#### Work request
Would you please retype, exactly, the lines of the listing below between the line with "Đầu tiên, chúng" and the line with "Oxxo L Bej renkte, normal", inclusive?

#### Supplied records
_ _ _ _ _ _ _

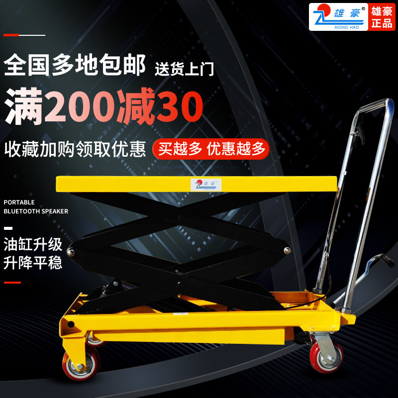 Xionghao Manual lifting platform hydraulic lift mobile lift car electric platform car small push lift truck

_ _ _ _ _ _ _

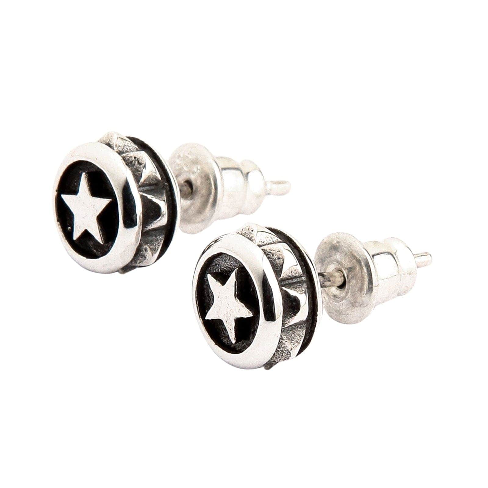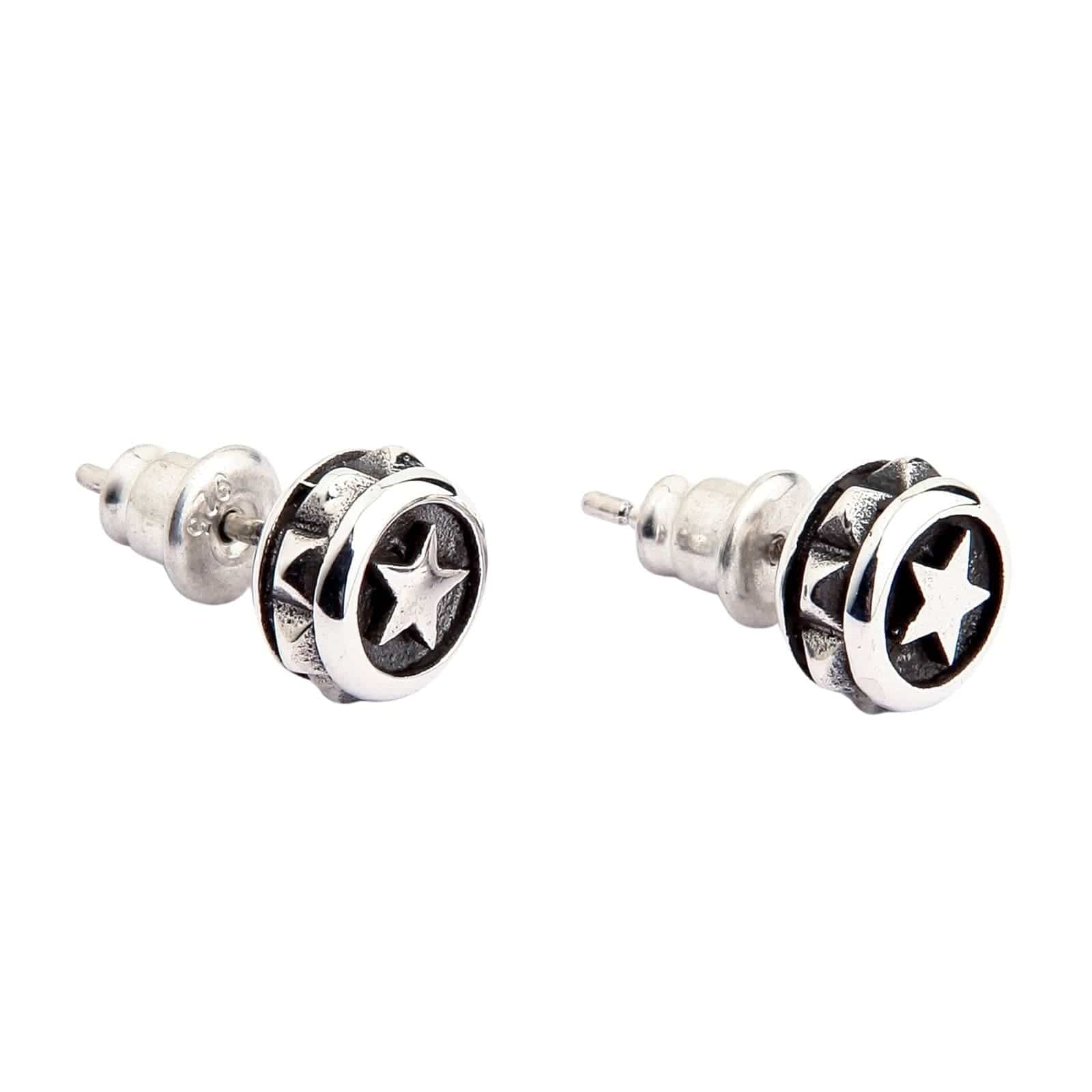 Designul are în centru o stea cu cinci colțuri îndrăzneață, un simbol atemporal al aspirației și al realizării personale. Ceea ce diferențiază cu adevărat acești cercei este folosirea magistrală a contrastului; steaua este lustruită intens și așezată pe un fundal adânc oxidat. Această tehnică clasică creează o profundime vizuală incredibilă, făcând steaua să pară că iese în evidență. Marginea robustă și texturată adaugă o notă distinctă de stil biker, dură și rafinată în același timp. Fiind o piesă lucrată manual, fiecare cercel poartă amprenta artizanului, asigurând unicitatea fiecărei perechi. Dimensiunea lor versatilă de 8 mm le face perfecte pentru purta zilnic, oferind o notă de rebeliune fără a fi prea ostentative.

_ _ _ _ _ _ _

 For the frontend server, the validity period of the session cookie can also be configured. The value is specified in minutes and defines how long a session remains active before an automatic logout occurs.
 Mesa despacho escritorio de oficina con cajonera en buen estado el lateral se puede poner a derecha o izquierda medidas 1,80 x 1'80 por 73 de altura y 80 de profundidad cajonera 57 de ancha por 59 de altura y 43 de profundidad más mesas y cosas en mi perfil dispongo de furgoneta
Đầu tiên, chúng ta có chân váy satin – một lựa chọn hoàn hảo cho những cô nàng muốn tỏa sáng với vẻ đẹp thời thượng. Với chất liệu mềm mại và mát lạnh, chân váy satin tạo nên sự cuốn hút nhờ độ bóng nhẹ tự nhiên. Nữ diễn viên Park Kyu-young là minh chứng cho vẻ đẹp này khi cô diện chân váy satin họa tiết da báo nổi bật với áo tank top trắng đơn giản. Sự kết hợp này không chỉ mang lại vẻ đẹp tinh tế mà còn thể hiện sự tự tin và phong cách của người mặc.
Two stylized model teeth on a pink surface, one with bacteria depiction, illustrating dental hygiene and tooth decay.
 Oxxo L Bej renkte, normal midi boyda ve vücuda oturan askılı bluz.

_ _ _ _ _ _ _

#### Exercise output
Đầu tiên, chúng ta có chân váy satin – một lựa chọn hoàn hảo cho những cô nàng muốn tỏa sáng với vẻ đẹp thời thượng. Với chất liệu mềm mại và mát lạnh, chân váy satin tạo nên sự cuốn hút nhờ độ bóng nhẹ tự nhiên. Nữ diễn viên Park Kyu-young là minh chứng cho vẻ đẹp này khi cô diện chân váy satin họa tiết da báo nổi bật với áo tank top trắng đơn giản. Sự kết hợp này không chỉ mang lại vẻ đẹp tinh tế mà còn thể hiện sự tự tin và phong cách của người mặc.
Two stylized model teeth on a pink surface, one with bacteria depiction, illustrating dental hygiene and tooth decay.
 Oxxo L Bej renkte, normal midi boyda ve vücuda oturan askılı bluz.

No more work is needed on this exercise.